From d17e93384b67f44f4f623fbb97f900c4ae127fc3 Mon Sep 17 00:00:00 2001
From: =?UTF-8?q?=E4=B8=96=E7=95=8C?= <i@sekai.icu>
Date: Sat, 16 Sep 2023 21:37:22 +0800
Subject: [PATCH] Add ACME DNS01 challenge support via libdns

---
 common/tls/acme.go                            | 18 ++++++
 constant/dns.go                               |  6 ++
 docs/configuration/shared/dns01_challenge.md  | 31 ++++++++++
 .../shared/dns01_challenge.zh.md              | 31 ++++++++++
 docs/configuration/shared/tls.md              |  9 ++-
 docs/configuration/shared/tls.zh.md           |  9 ++-
 go.mod                                        |  2 +
 go.sum                                        |  5 ++
 mkdocs.yml                                    |  2 +
 option/tls_acme.go                            | 59 +++++++++++++++++++
 10 files changed, 170 insertions(+), 2 deletions(-)
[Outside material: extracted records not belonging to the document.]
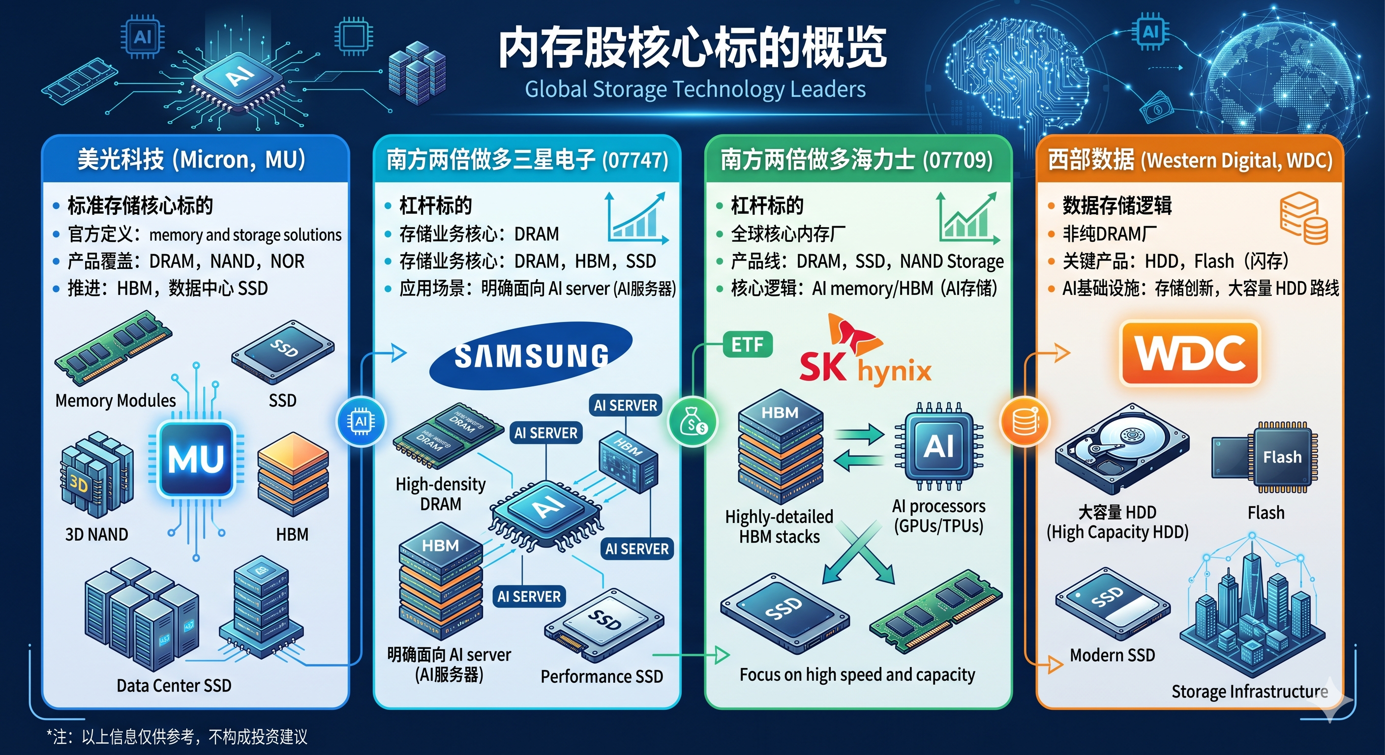 $南方两倍做多海力士(07709)$ (SK海力士):也是全球最核心的内存厂之一,官网产品线包括 DRAM、SSD、NAND Storage,近年最强逻辑之一就是 AI memory/HBM。
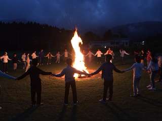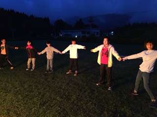 みんなで輪になって、司会の『キャッチ』の声と同時に隣の友だちの指をキャッチします!
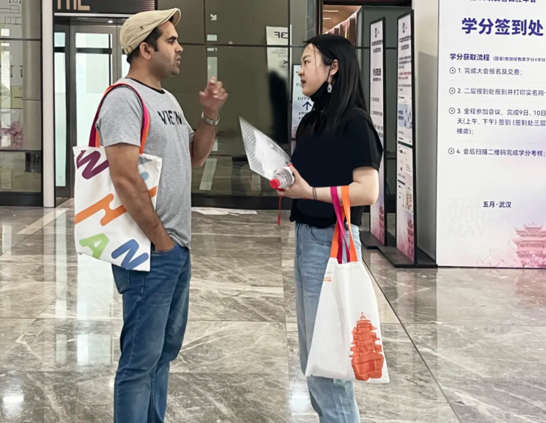 有的人路过展位看到了说,原来这个袋子是你们这里的啊,我也要领一个;
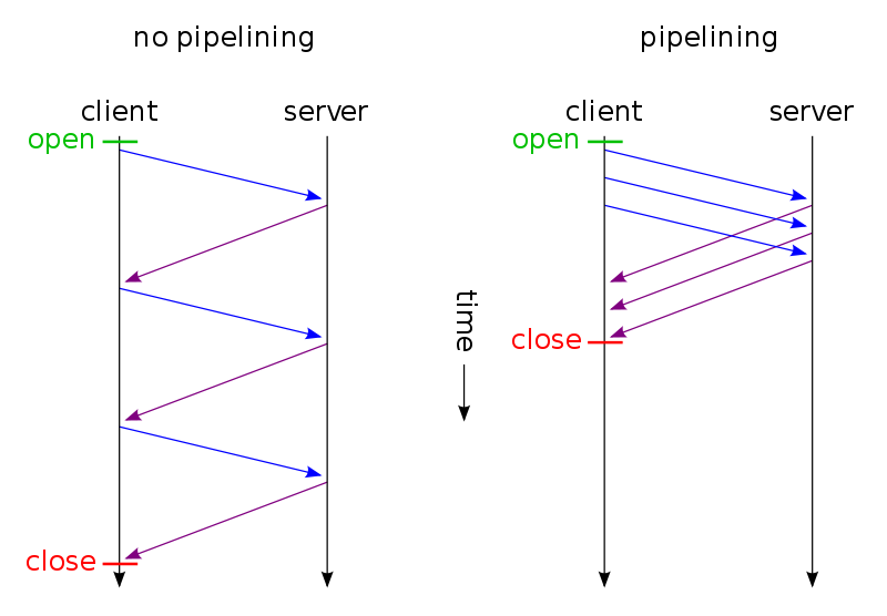 - HTTP 파이프라이닝은 요청의 응답이 없어도 다음 요청을 병렬적으로 수신자 측에 전송하는 기술이다. 즉 응답 지연이 발생하더라도 클라이언트는 먼저 서버 측의 응답을 받을 수 있어 빠른 웹 로딩이 구현된다.

 create mode 100644 constant/dns.go
 create mode 100644 docs/configuration/shared/dns01_challenge.md
 create mode 100644 docs/configuration/shared/dns01_challenge.zh.md

diff --git a/common/tls/acme.go b/common/tls/acme.go
index a881ace0..81aa6b8e 100644
--- a/common/tls/acme.go
+++ b/common/tls/acme.go
@@ -9,10 +9,13 @@ import (
 	"strings"
 
 	"github.com/sagernet/sing-box/adapter"
+	C "github.com/sagernet/sing-box/constant"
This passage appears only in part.